INFORMATION SUPPLIED -
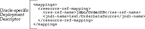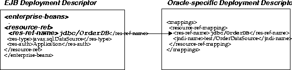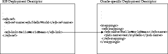without specifying the actual name. These names are defined in the deployment descriptor and are linked to the actual names within the Oracle-specific deployment descriptor.
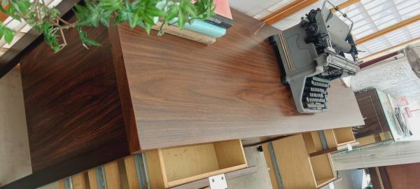 high end and well manufactured, and finished on the back as shown. It looks just as good coming as it does going. They are like 8 out of 10 vintage condition.. The top is laminate. Made to withstand use in an office setting.
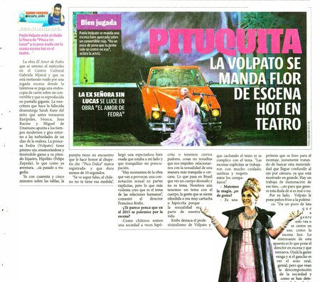 Por primera vez se monta en Chile la reescritura contemporánea y turbulenta que la legendaria dramaturga inglesa Sarah Kane hizo del mito de Fedra. Dirige Francisco Krebs y actúa Paola Volpato.

TASK DIRECTIONS - Give back the listing exactly, without a single picture.

FINAL ANSWER -
without specifying the actual name. These names are defined in the deployment descriptor and are linked to the actual names within the Oracle-specific deployment descriptor.
 high end and well manufactured, and finished on the back as shown. It looks just as good coming as it does going. They are like 8 out of 10 vintage condition.. The top is laminate. Made to withstand use in an office setting.
 Por primera vez se monta en Chile la reescritura contemporánea y turbulenta que la legendaria dramaturga inglesa Sarah Kane hizo del mito de Fedra. Dirige Francisco Krebs y actúa Paola Volpato.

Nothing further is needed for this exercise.